EXERCISE DETAILS →
Using the data that follows, output only the lines from the line with "熱泵是空調(diào)的熱力" up to and including the line with "当新疆小舞者将民族特色的帽子", exactly, leaving pictures aside.

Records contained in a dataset
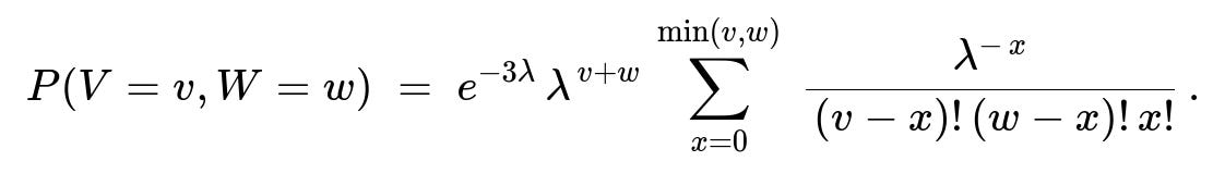 \huge P(V = v, W = w) = \sum_{x=0}^{\min(v,w)} e^{-\lambda} \frac{\lambda^{v - x}}{(v - x)!} ; e^{-\lambda} \frac{\lambda^{w - x}}{(w - x)!} ; e^{-\lambda} \frac{\lambda^x}{x!} = e^{-3\lambda} \sum_{x=0}^{\min(v,w)} \frac{\lambda^{(v - x) + (w - x) + x}}{(v - x)!(w - x)!, x!}. ]
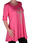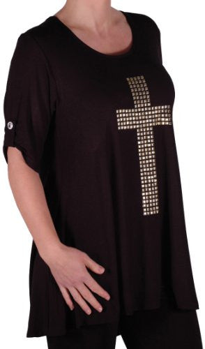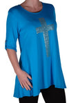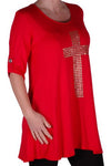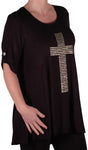 TM PlusGothic Cross Tunic Oversize Scoop Neck Flared Long
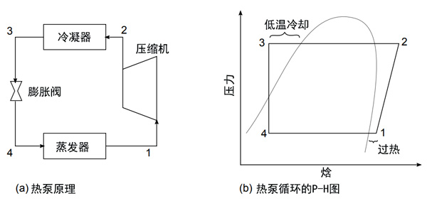 熱泵是空調(diào)的熱力學(xué)原理,可以基于狀態(tài)點(diǎn)的熱物理特性來預(yù)測(cè)熱泵的熱力學(xué)性能。圖2(a)顯示了典型熱泵的示意圖,圖2(b)顯示了壓力-焓線圖上的熱泵循環(huán)。在我們的模擬中,不僅計(jì)算了每種狀態(tài)下的熱物理性質(zhì),而且還計(jì)算了蒸發(fā)器和冷凝器中的熱交換過程。由于換熱器規(guī)格的可用性限制,所以將換熱器建模為雙管逆流式換熱器,該換熱器用于我們的實(shí)驗(yàn)裝置中。
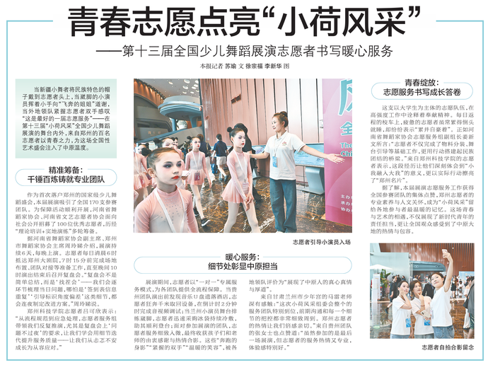 当新疆小舞者将民族特色的帽子戴到志愿者头上,当崴脚的小演员挥着小手向“飞奔的姐姐”道谢,当外地领队紧握志愿者双手感叹“这是最好的一届志愿服务”——在第十三届“小荷风采”全国少儿舞蹈展演的舞台内外,来自郑州的百名志愿者以青春之力,为这场全国性艺术盛会注入了中原温度。(今日《郑州日报》6版)
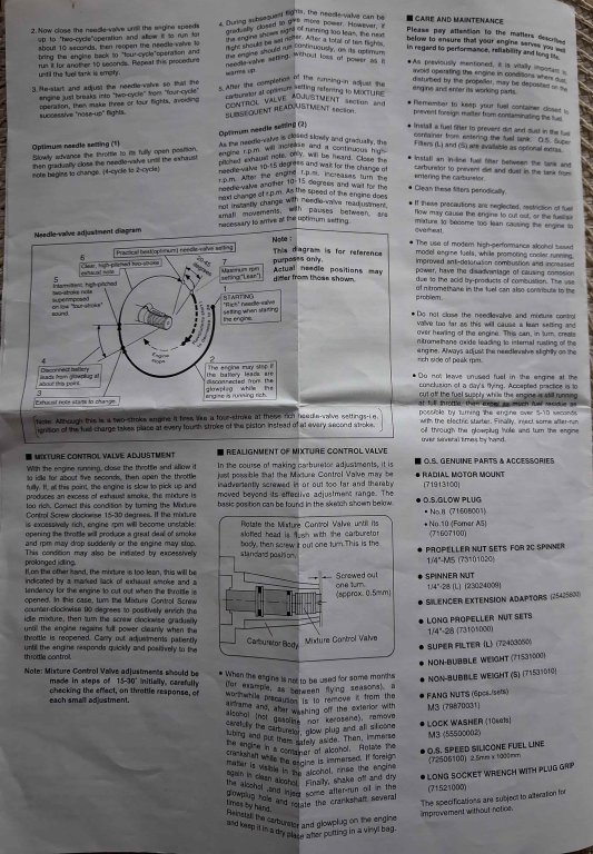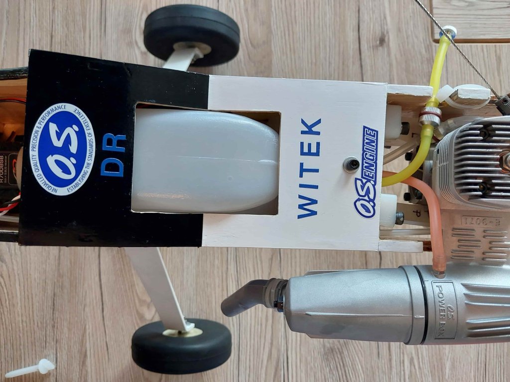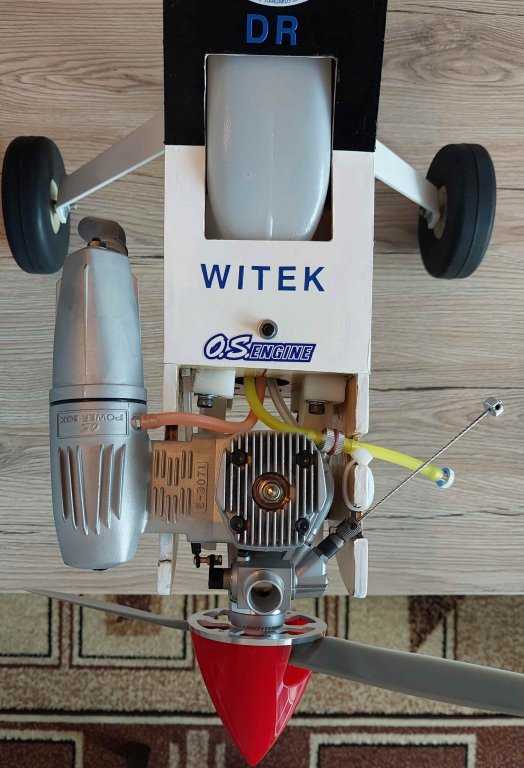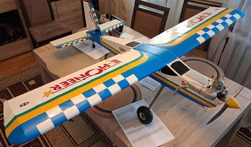 Dzień dobry, Drodzy Koledzy - z uwagi na nadmiar modeli latających RC w moim hangarze (zasób ponad 20 szt.) i niedostatek miejsca, oferuję do nabycia model górnopłata: Seagull E-PIONEER Trainer 156cm z silnikiem O.S. Max 46AX II z pełnym wyposażeniem, bez odbiornika - w cenie 1047 zł. Koszt zakupu nowego modelu i nowego silnika wraz z z nowymi elementami wyposażenia i materiałami montażowymi to ok. 2095 zł - bez koszów robocizny! Oferuję nowy, zmontowany - w pełni wyposażony i gotowy do lotu model z nowym: silnikiem, śmigłem, kołpakiem, zbiornikiem i armaturą, układem paliwowym, nowymi serwomechanizmami, nowym akumulatorem zasilającym i nowym wyłącznikiem - w cenie stanowiącej połowę (50%) kosztów! Stan modelu - dokładnie jak na zdjęciach i w poniższym opisie (pkt. 1. - 14.)! Odbiór modelu - na miejscu w Jaśle (w mieszkaniu, względnie na naszym Lądowisku IKAR Jasło, gdzie istnieje możliwość uruchomienia silnika, sprawdzenia układu sterowania i kołowania - przy sprzyjającej pogodzie). Nowy silnik O.S. Max 46AX II ze śmigłem APC 12,25X3,75" i kołpakiem z podstawą duralową zainstalowałem bezpośrednio w modelu - w celu wstępnego dotarcia na ziemi i wykonania oblotu. Wstępne dotarcie silnika (zgodnie z zaleceniami producenta OS Max w instrukcji) i kilkuminutowy oblot z użyciem paliwa Model Technics F/I SPORT 5% nitro przebiegły wzorcowo (paliwo o składzie: Metanol 77%, Olej KLOTZ 18%, Nitrometan 5% - paliwo do silników żarowych oparte na metanolu i oleju syntetycznym KLOTZ z 5% domieszką nitrometanu - przeznaczone dla nowych silników lotniczych). Silnik uruchamia się błyskawicznie i pracuje nienagannie, model jest prawidłowo wyważony i zachowuje się w locie znakomicie! Obecnie model jest w pełni gotowy do lotów. Do eksploatacji sugeruję nadal to paliwo, także po zupełnym dotarciu silnika - ewentualnie Model Technics F/I CONTEST 10% nitro paliwo do silników żarowych oparte na metanolu i oleju syntetycznym KLOTZ z 10% domieszką nitrometanu o składzie: Metanol 72%, Olej KLOTZ 18%, Nitrometan 10% (przeznaczone dla nowych i dotartych silników lotniczych) względnie Optimix 12 – 12% nitro / 18% SYNT o składzie: Metanol 70%, Nitrometan 12%, Olej syntetyczny 18%. KOSZTORYS w [ZŁ] - bez kosztów robocizny: 1. Model Seagull EP-E-PIONEER Trainer SEA-X9 - ok. 760,00 zł, łącznie z dostawą - obecnie nieosiągalny na rynku krajowym i zagranicznym, niegdyś dostępny, np: https://www.elitemodelsonline.co.uk/Aircraft/By-Manufacturers/Seagull/16001-/5500595-SEAGULL-EP-E-PIONEER-TRAINER-16m-SEA-X9 2. Klej CA JOKER rzadki 20g (nakrętka z igłą) - 5,50 zł https://nastik.pl/produkt/klej-ca-joker-rzadki-20g-nakretka-z-igla/ 3. Żywica epoxydowa 30-min. KAVAN 100g - 39,90 zł https://nastik.pl/produkt/zywica-epoxydowa-30-min-kavan-100g/ 4. O.S. MAX SILNIK 46AX II - tłumik W/E-3071 (15490) - 529,99 zł https://modelemax.pl/pl/os-max-silniki-do-samolotow/12467-os-max-silnik-46ax-ii-tlumik-w-e-3071-15490.html 5. Śmigło APC 12.25×3.75 Diablotin - 22,90 zł https://nastik.pl/produkt/smiglo-apc-12-25x3-75-diablotin/ 6. KOŁPAK Z PODSTAWĄ ALU ŻÓŁTY - 49,99 zł https://modelemax.pl/pl/podstawa-aluminium/8690-kolpak-z-podstawa-alu-63-mm-zolty.html [kołpak plastikowy z zestawu dołączam] 7. WĘŻYK DO PALIWA 2,5/5 mm / 1mb Q-model (286-C) - 6,99 zł https://modelemax.pl/pl/wezyki-opaski-zaciski-metanol/33082-wezyk-do-paliwa-25-5-mm-1mb-q-model-286-c 8. Zbiornik 350ml KAVAN z armaturą do metanolu - 28,90 zł https://nastik.pl/produkt/zbiornik-350ml-kavan-z-armatura-do-metanolu/ [zbiornik oryginalny z zestawu dołączam] 9. Filtr paliwa KAVAN - 4,95 zł https://nastik.pl/produkt/filtr-paliwa-kavan/ 10. Deflektor wydechu 10mm - 12,90 zł https://nastik.pl/produkt/deflektor-wydechu-10mm/ 11. Serwomechanizm Futaba S3010 BB (gaz) - 115,90 zł https://nastik.pl/produkt/futaba-s3010-bb/ 12. Serwomechanizm Hitec HS-82MG (lotki 2x, ster wysokości, ster kierunku) - 95,90 zł x 4 szt. = 383,60 zł https://nastik.pl/produkt/hitec-hs-82mg/ 13. Pakiet zasilający ENELOOP 4,8V/2000mAh NIMH RX SANYO (KAV33.1051404) płaski - 101,99 zł https://modelemax.pl/pl/pakiety-nimh-nicd/15415-eneloop-48v-2000mah-nimh-rx-sanyo-kav331051404-plaski 14. FUTABA WŁĄCZNIK SSW-J (15201) z kablem do ładowania - 31,99 zł https://modelemax.pl/pl/wlaczniki/32596-futaba-wlacznik-ssw-j-15201-z-kablem-do-ladowania.html =============================================================================================================================================================================== Razem koszt zakupu w [zł]: 760,00 + 5,50 + 39,90 + 529,99 + 22,90 + 49,99 + 6,99 + 28,90 + 4,95 + 12,90 + 115,90 + 383,60 + 101,99 + 31,99 = 2095,50 zł Wykonane prace montażowe i instalacyjne - zabudowa elementów: prasowanie poszycia foliowego; nałożenie - przy użyciu roztworu "30 minutowej" żywicy epoksydowej 2-składnikowej ze spirytusem - powłoki gruntującej i ochronnej, wzmacniającej konstrukcję i odpornej na paliwo metanolowe - na dostępnej powierzchni wewnętrznej kadłuba; zainstalowanie napędów orczykowych na lotkach, wyregulowanie i skonfigurowanie napędu lotek; prace przygotowawcze przy kadłubie do montażu usterzenia - zabudowa statecznika poziomego i pionowego wraz ze sprzęgiem kółka ogonowego, zainstalowanie napędów orczykowych na usterzeniu poziomym i pionowym; wykonanie mocowania łoża silnika do grodzi, wywiercenie otworów w łożu silnika, zainstalowanie silnika z deflektorem wydechu na tłumiku i sprężystą przedłużką regulacji iglicy gaźnika; poszerzenie otworów w kołpaku pod śmigło; zainstalowanie wyłącznika z gniazdem ładowania; wykonanie podstawy do zabudowy serwomechanizmu gazu, zainstalowanie serwomechanizmu gazu wraz z wykonanym orczykiem napędowym gazu i popychaczem na snapach kulowych, wycięcie otworu w grodzi pod popychacz gazu, wyregulowanie sterowania; zamontowanie goleni podwozia dla wybranej opcji podwozia gł

TASK ANSWER →
 熱泵是空調(diào)的熱力學(xué)原理,可以基于狀態(tài)點(diǎn)的熱物理特性來預(yù)測(cè)熱泵的熱力學(xué)性能。圖2(a)顯示了典型熱泵的示意圖,圖2(b)顯示了壓力-焓線圖上的熱泵循環(huán)。在我們的模擬中,不僅計(jì)算了每種狀態(tài)下的熱物理性質(zhì),而且還計(jì)算了蒸發(fā)器和冷凝器中的熱交換過程。由于換熱器規(guī)格的可用性限制,所以將換熱器建模為雙管逆流式換熱器,該換熱器用于我們的實(shí)驗(yàn)裝置中。
 当新疆小舞者将民族特色的帽子戴到志愿者头上,当崴脚的小演员挥着小手向“飞奔的姐姐”道谢,当外地领队紧握志愿者双手感叹“这是最好的一届志愿服务”——在第十三届“小荷风采”全国少儿舞蹈展演的舞台内外,来自郑州的百名志愿者以青春之力,为这场全国性艺术盛会注入了中原温度。(今日《郑州日报》6版)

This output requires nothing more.